The above is, I think, looking at a newly qualified nurse gaining experience who then gets an increase in salary as a result of that experience. A band 5 nurse starts on £27,055, with 2-4 years experience will earn £29,180, and the band tops out at £32,934. I might have misunderstood your intent, though, not sure where your numbers have come from.
Band 6 starts at £33,706 and rises to £40,588 with 5byears experience.
https://www.nurses.co.uk/blog/a-nurses- ... A332%2C934.
Applying inflation from 2010 to 2022, the starting nurse salary should be £28,819.31 (https://www.bankofengland.co.uk/monetar ... calculator).

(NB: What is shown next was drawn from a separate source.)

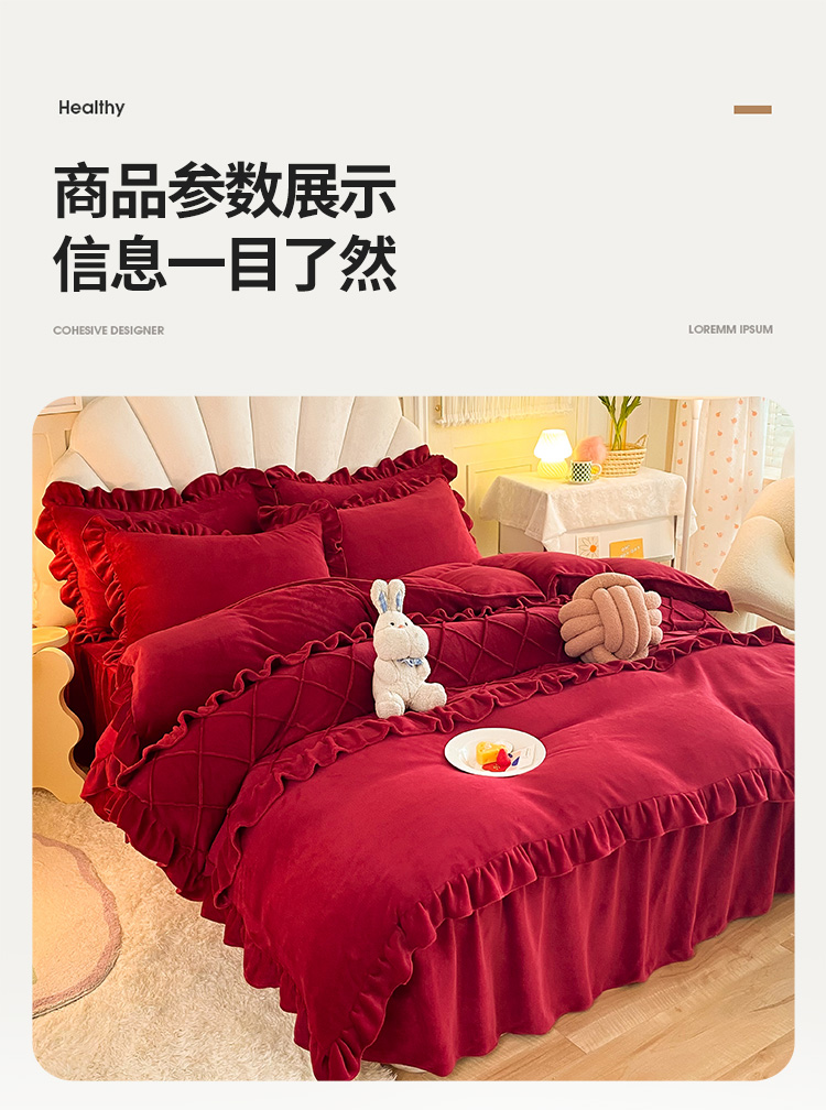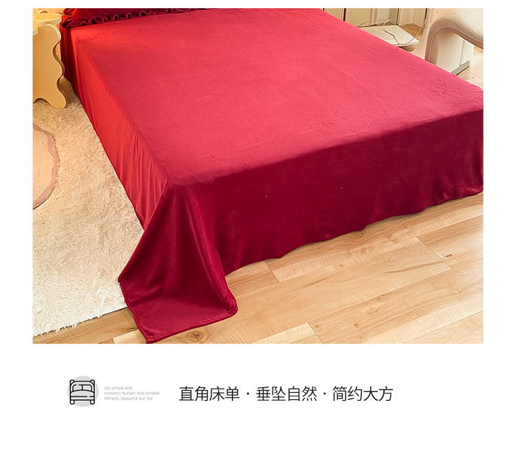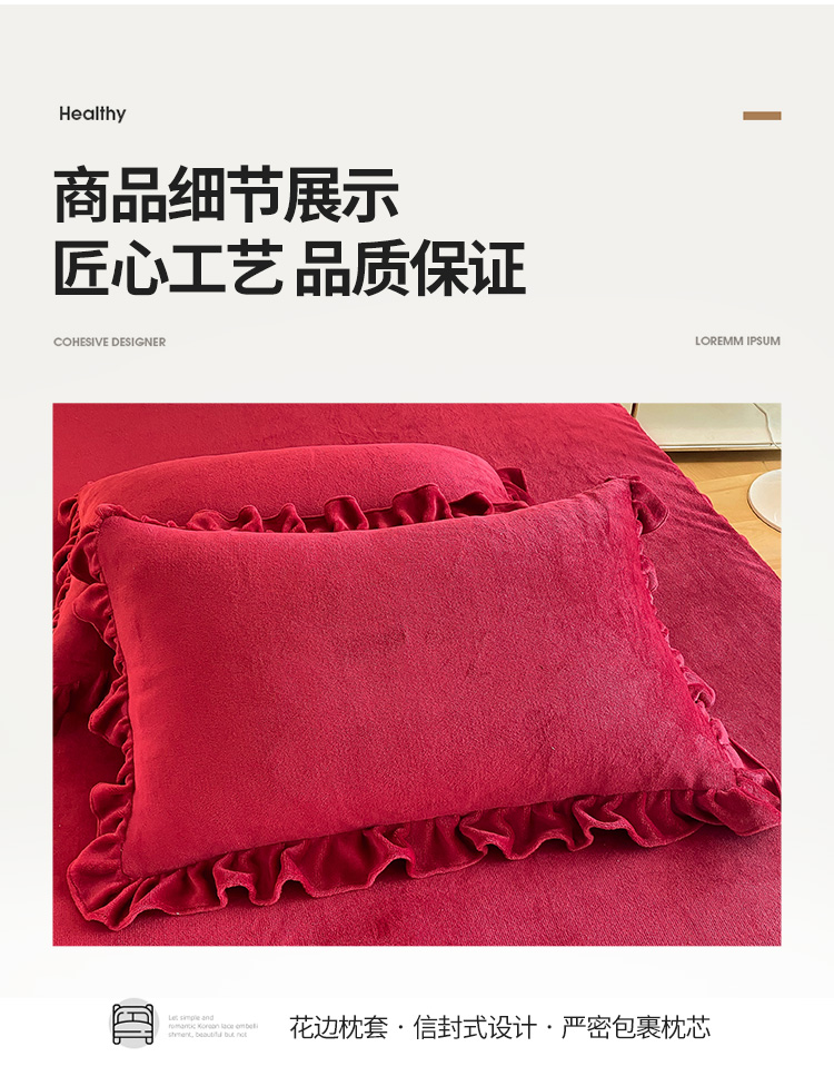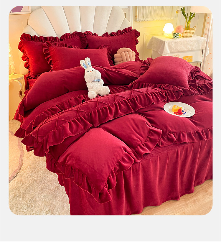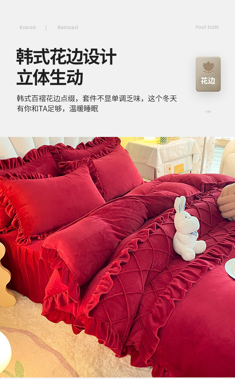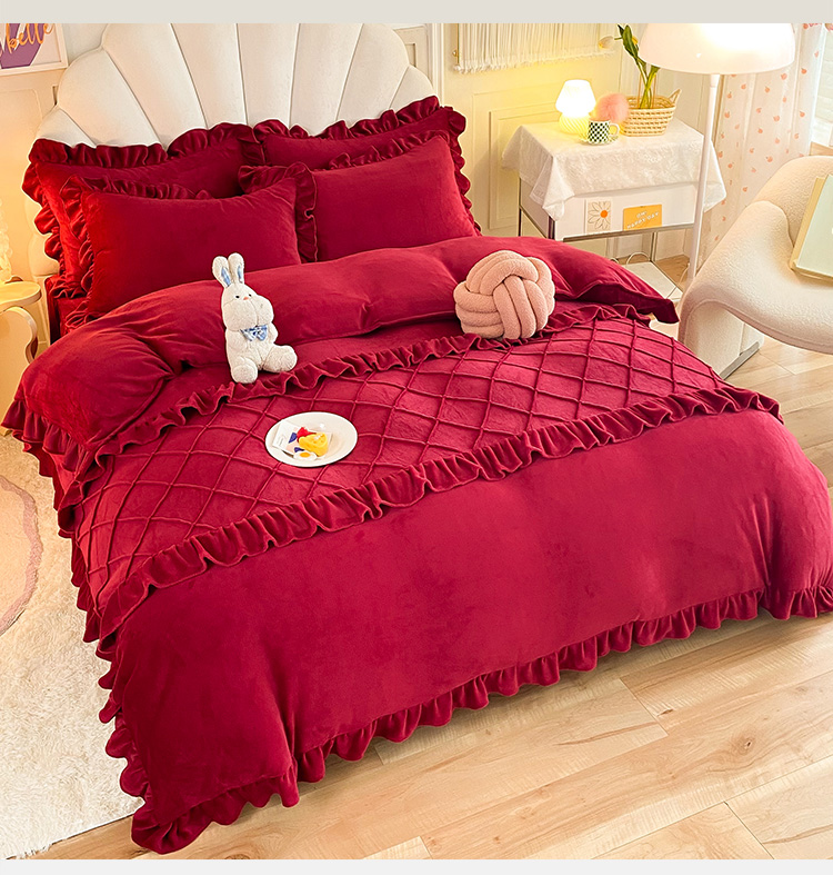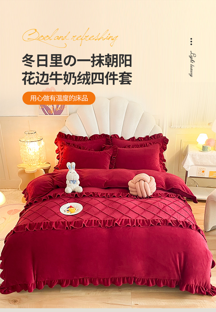 当前位置: 91家纺网 > 商品网购 > 床品套件 > 四件套 > 牛奶绒四件套 > 芭比蔓 2024新款直播供货韩版花边款牛奶绒四件套 宝石红

That's ~7% more than the current starting salary, assuming my maths is right.
If they have 2-4 years experience they didn't start on 27k though.
If they started in 2010 and are still band 5 they would have been on 21k and will now be on 32k. That's not a 19% real terms cut it's a 50% increase.
The starting salary is a different argument to the one being made by the unions of average nurses pay. Starting salaries have gone up less than inflation but someone starting today on that salary can't really say they have had a below inflation rise over the last decade can they? (That bit is a question lol).
Re: The Strikes Thread
If they were on a pay freeze inflation has eaten into their reward for gaining experience and staying loyal to the NHS with incremental increases ..SammyLeeWasOffside wrote: ↑Fri Feb 10, 2023 12:36 pm Fair enough let's say it was rhetorical
If they have 2-4 years experience they didn't start on 27k though.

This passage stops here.